Live Trading vs. Backtests

Simulations are good, but ultimately, we need to confirm that these backtests track live trading with reasonable accuracy. To do so, we compare our backtests against a six-figure account we are trading. Over the observed period, this account has been invested in All-Stars Total Return (v2, v3), and All-Stars XL (v1, v2). Also, the were a number of withdrawals from that account. We stitched together the various backtests to reflect the strategy changes, and we adjusted the account values for the withdrawals.

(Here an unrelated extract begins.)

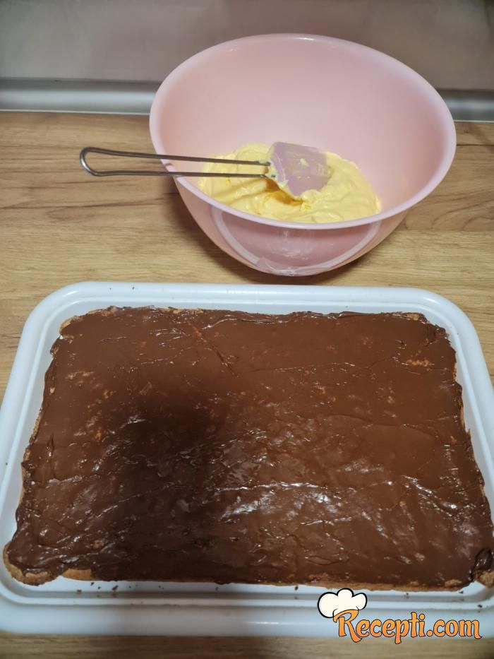 Penasto umutite jedan margarin, pa dodajte u ohlađen fil i sve dobro izmiksajte pa podelite na dva dela. U jedan deo stavite istopljenu čokoladu, a u drugi deo ostavite žut.

Live trading vs backtests: 2022-2023

The chart above shows how live trading is tracking the backtests. We can see that TuringTrader’s backtests very accurately represent the performance achieved in live trading. The tracking curve shows some daily fluctuations, of about one percent, but overall remains flat, illustrating that our assumptions about fills and commissions are realistic. The majority of the static error was incurred in Q1/2022 and is most likely related to changes in the account’s strategy.


Overall, we believe that this comparison shows that TuringTrader’s All-Stars XL is a best-in-class portfolio, offering tangible advantages over comparable strategies. Further, we believe that our portfolios will continue to outperform, especially when market environments return to more predictable sentiment. And finally, our backtests accurately reflect live trading performance, allowing our members to invest with great confidence.